Task details: Retype the records below exactly as given, but only from the first line through the line with "This is a high-contrast, minimalist", and without the pictures.

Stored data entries
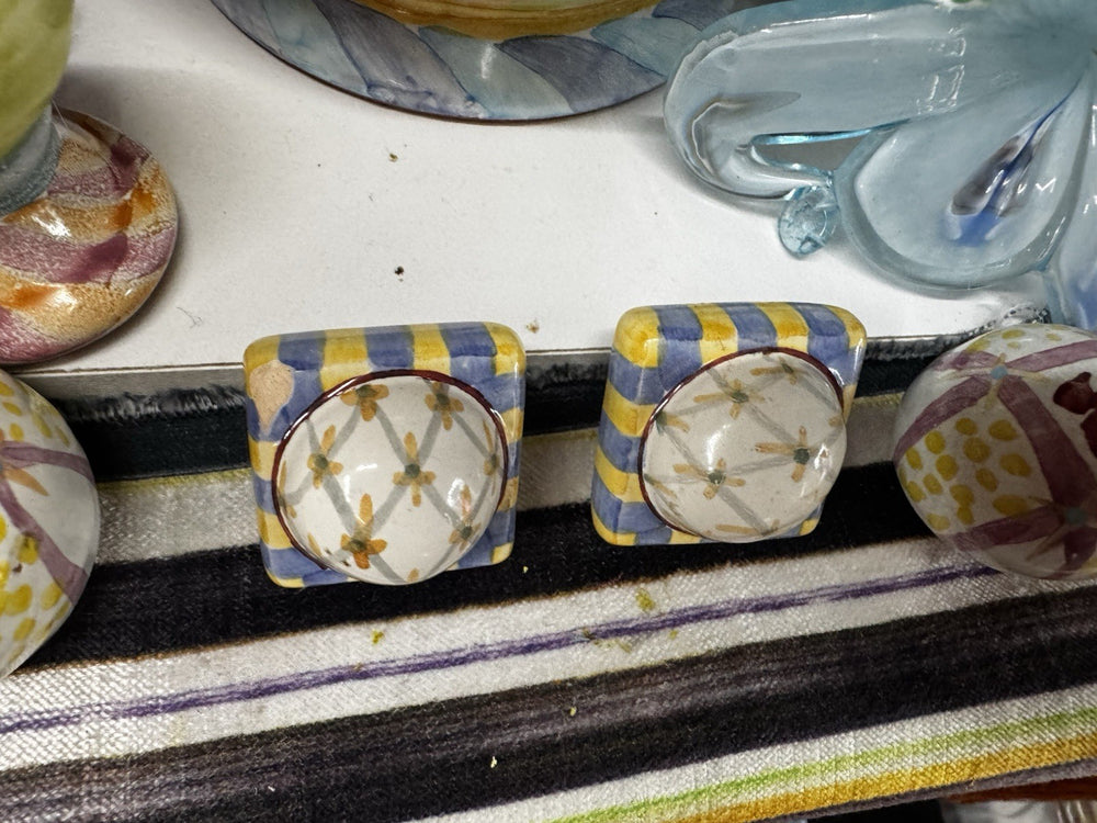 Mackenzie Childs Majolica 1.5 ” Swoop Multicolor Set Of 2 Knobs Pulls +Hardware
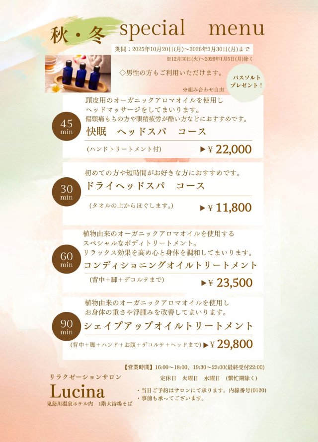 この機会に身も心もリラックスできる癒やしの時間をお過ごしください。
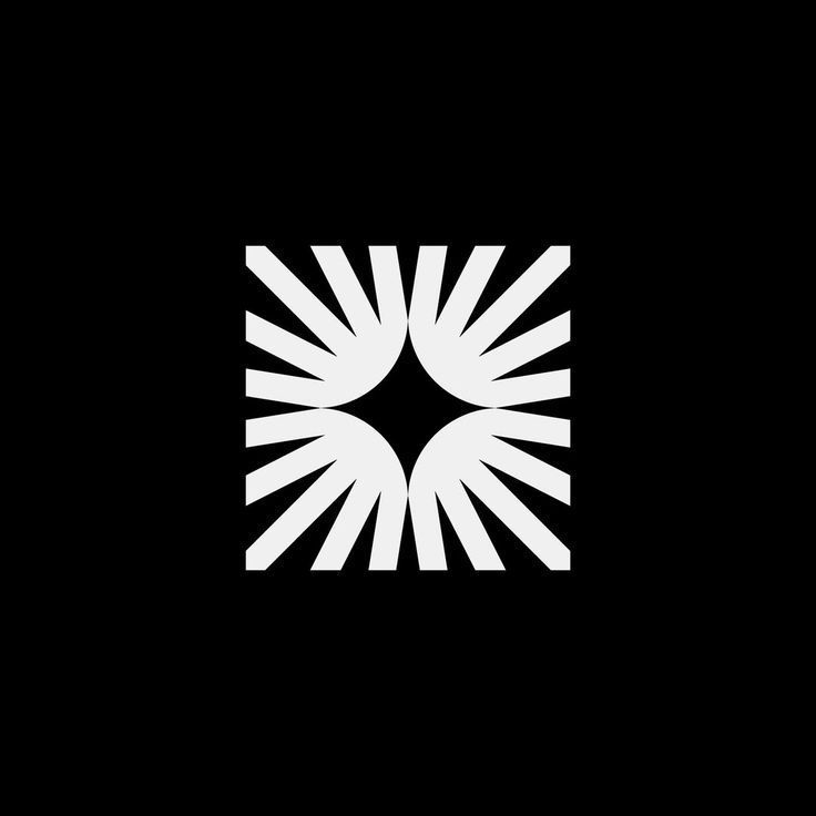This is a high-contrast, minimalist geometric design set against a solid black background. The visual language relies on stark white lines creating an intricate, symmetrical, radiating pattern that evokes a sense of balance and energy.
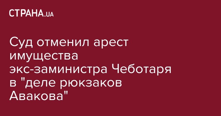 Апелляционный суд Киева отменил постановление Соломенского районного суда столицы об аресте квартиры и двух домов экс-заместителя МВД Сергея Чеботаря по делу закупки рюкзаков для МВД и направил материалы дела на повторное рассмотрение. Об этом сообщает УНН.
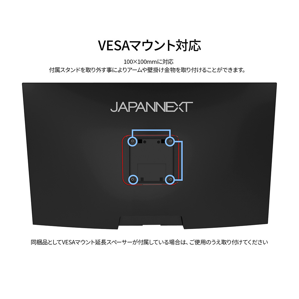 100x100mmのVESAマウントに対応しているので、別売のモニターアームやモニタースタンドなどへの取り付けが可能です。スピーカーは搭載しておりません。
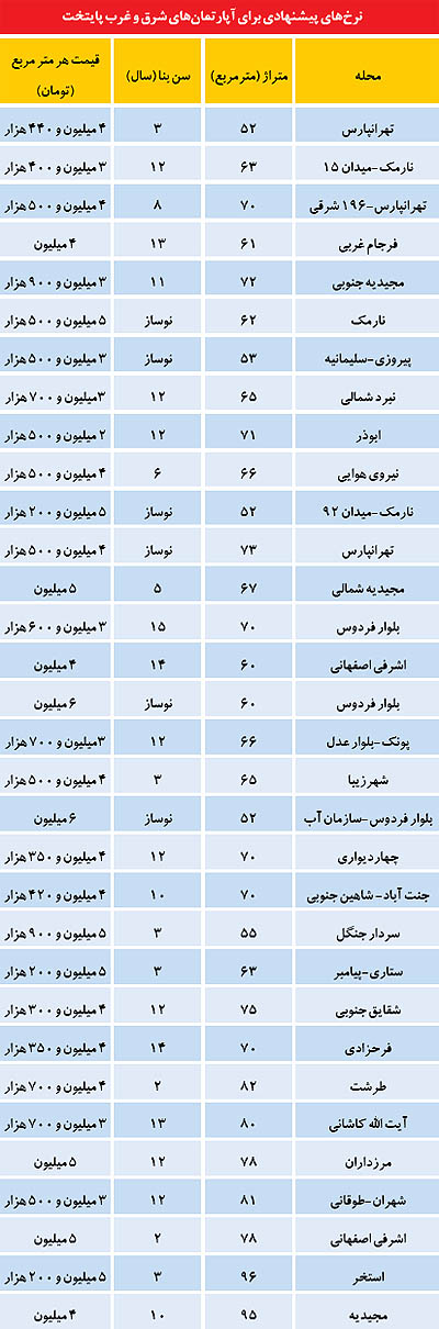 مقایسه بازار مسکن شرق و غرب تهران
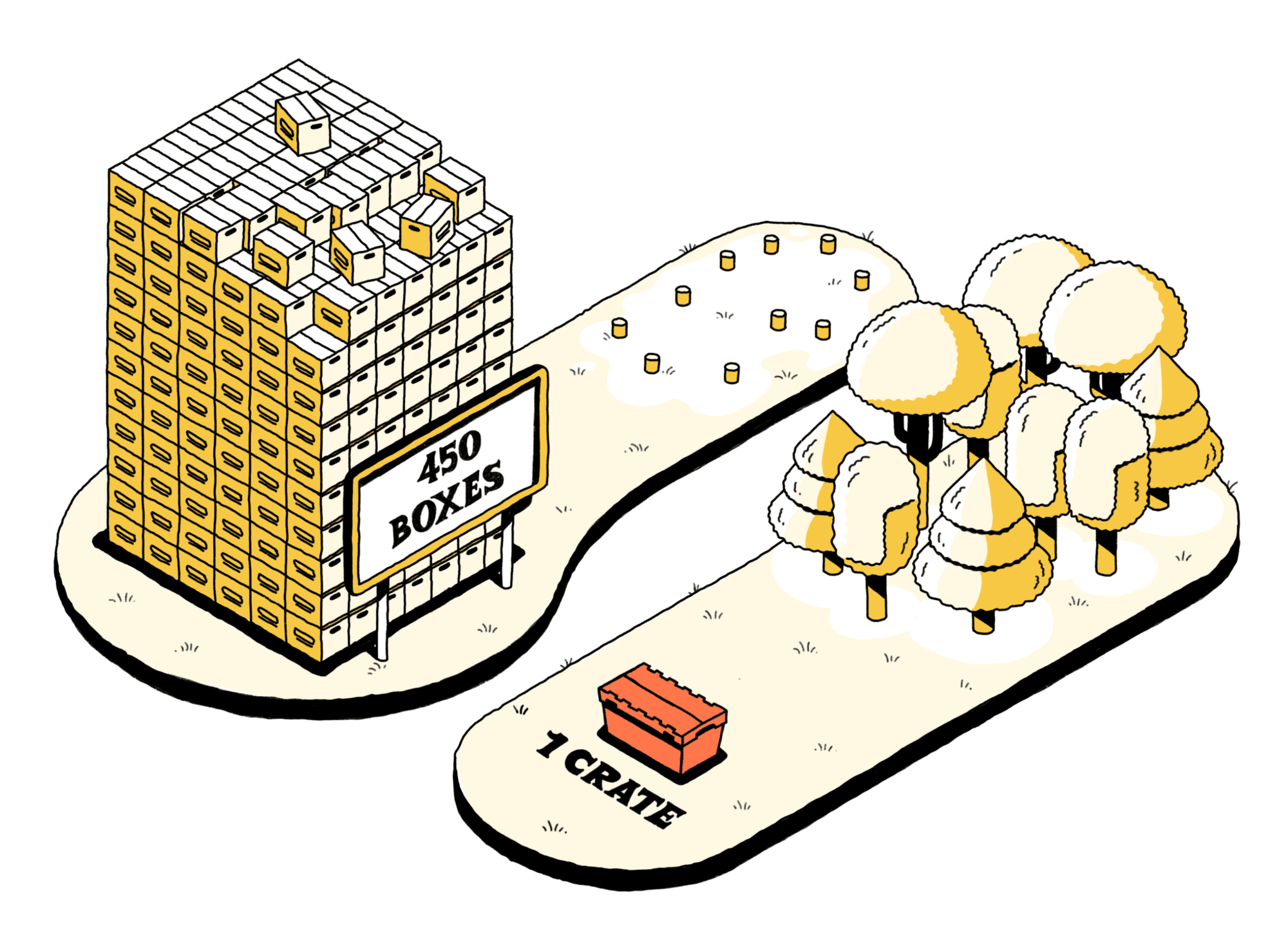 Cardboard ultimately ends up as solid waste or being incinerated. That’s a lot of trees that end up as waste! Reusing items like plastic crates can be even more environmentally friendly than recycling.

Output:
 Mackenzie Childs Majolica 1.5 ” Swoop Multicolor Set Of 2 Knobs Pulls +Hardware
 この機会に身も心もリラックスできる癒やしの時間をお過ごしください。
This is a high-contrast, minimalist geometric design set against a solid black background. The visual language relies on stark white lines creating an intricate, symmetrical, radiating pattern that evokes a sense of balance and energy.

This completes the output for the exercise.